Он решил надеть на себя даже пурпуровые сандалии. Он говорил,
что между священством и царством нет никакой разницы, или очень
малая, а в более ценном священство может быть даже и выше стоит
и большего почтения требует, чем царская власть (Кедрин, писавший в XII в. повторивший в своем "Συνοψις
ιστοριων" Скилицу
— у проф. Суворова. Восточный Папа, стр. 90).
Если первую задачу своей программы Константинопольский патриарх
решил успешно, хотя и искусственно и не на христианском пути,
способом разрыва отношений со своим несговорчивым примасом: то
при выполнении второй задачи, Константинопольского патриарха постигла
полная неудача. Попытки Константинопольского патриарха стать не
только рядом с Византийским царем, но даже и выше его — нужно
рассматривать, как явление не типичное для него, а эпизодическое,
при таких волевых и талантливых лицах, как Фотий и Михаил. Обычный
же тип жизни сложился так, что царь властвовал — иногда деспотически
— над патриархом, и Византийская Церковь всегда считалась цезаропапистической.
Для того, чтобы разрушить средостение, воздвигнутое между иудейским
и языческим миром, в виде закона Моисеева, и для того, чтобы искупить
человеческий род, сходил на землю Христос. Но что нужно для того,
чтобы прекратить раскол в единой Церкви Христовой и призвать все
к единению?
Но пропасть между Восточной и Западной Церковью вырыта руками
человеческими и ими же должна быть и засыпана.
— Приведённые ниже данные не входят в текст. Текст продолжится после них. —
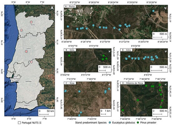 The areas used in this study are distributed across different regions of mainland Portugal (Figure 1). These areas correspond to forest stands of E. globulus and P. pinaster, spanning from north to south. E. globulus stands are located in three areas: Parque das Serras do Porto (Figure 1A) within the municipalities of Paredes and Valongo, in the northern region; Serra da Lousã, within the municipalities of Góis (Figure 1B), in the central region; and in the municipality of Nisa in the Alentejo, southern region (Figure 1C). The P. pinaster stands are also located in Serra da Lousã, within the municipalities of Góis and Castanheira de Pêra (Figure 1B) and Ribeira de Pena (Figure 1D), in the north of Portugal.

Занимаясь вопросом о соединении Церквей, несравненное большинство
богословов православных останавливается на мысли, что Римская
Церковь должна возвратиться в своем учении, в своих верованиях
ко времени до разделения Церквей (Проф. В.А. Соколов "Богословский
Вестник" 1904 г) — и тогда только можно говорить о соединении
Нельзя не заметить с первого взгляда, что подобное воззрение отличается
теоретическим, безжизненно-механическим характером, отнюдь не
свойственным живой жизни. Какая сила может поворотить историю
на 9-10 веков назад? Мыслимо ли это? Когда речь идет о живом
явлении, то всякие пожелания о возвращении назад представляются
неимеющими значения. Никакая сила не в состоянии оттеснить, отодвинуть
жизнь на десятки веков назад. Вопрос может быть лишь об изменении
принципа жизни, а не о фактах, порожденных жизнью.
При каких условиях, положениях и на каких принципах уживались
друг с другом Восток и Запад в течение первого тысячелетия?
Дело, конечно, не в различии верований, литургических и канонических
действий, обрядовых особенно. Они имели место с самого начала,
и в течение целых веков с ними уживались. Несравненное большинство
историков и канонистов соглашается с тем, что угроза миру церковному
была создана в лице нового столичного Константинопольского епископа.
Чрез его быстрый, довольно искусственный, рост, теория о пяти
патриархах, уже к половине VII в. — ко времени порабощения Востока
мусульманами — утратила свой реальный канонический смысл; христианским
миром стала управлять не пентархия, а диар-хия: на Западе властвовал
папа, на Востоке Константинопольский патриарх подчинил себе порабощенные
мусульманами патриархии. Между ними началась борьба, кончившаяся
не победой одного над другим, а крупной ссорой и разрывом всяких
отношений.
Собственно вопрос о каноническом примате Римского папы
решался и решается легко и бесспорно. Для нас это вопрос исторический.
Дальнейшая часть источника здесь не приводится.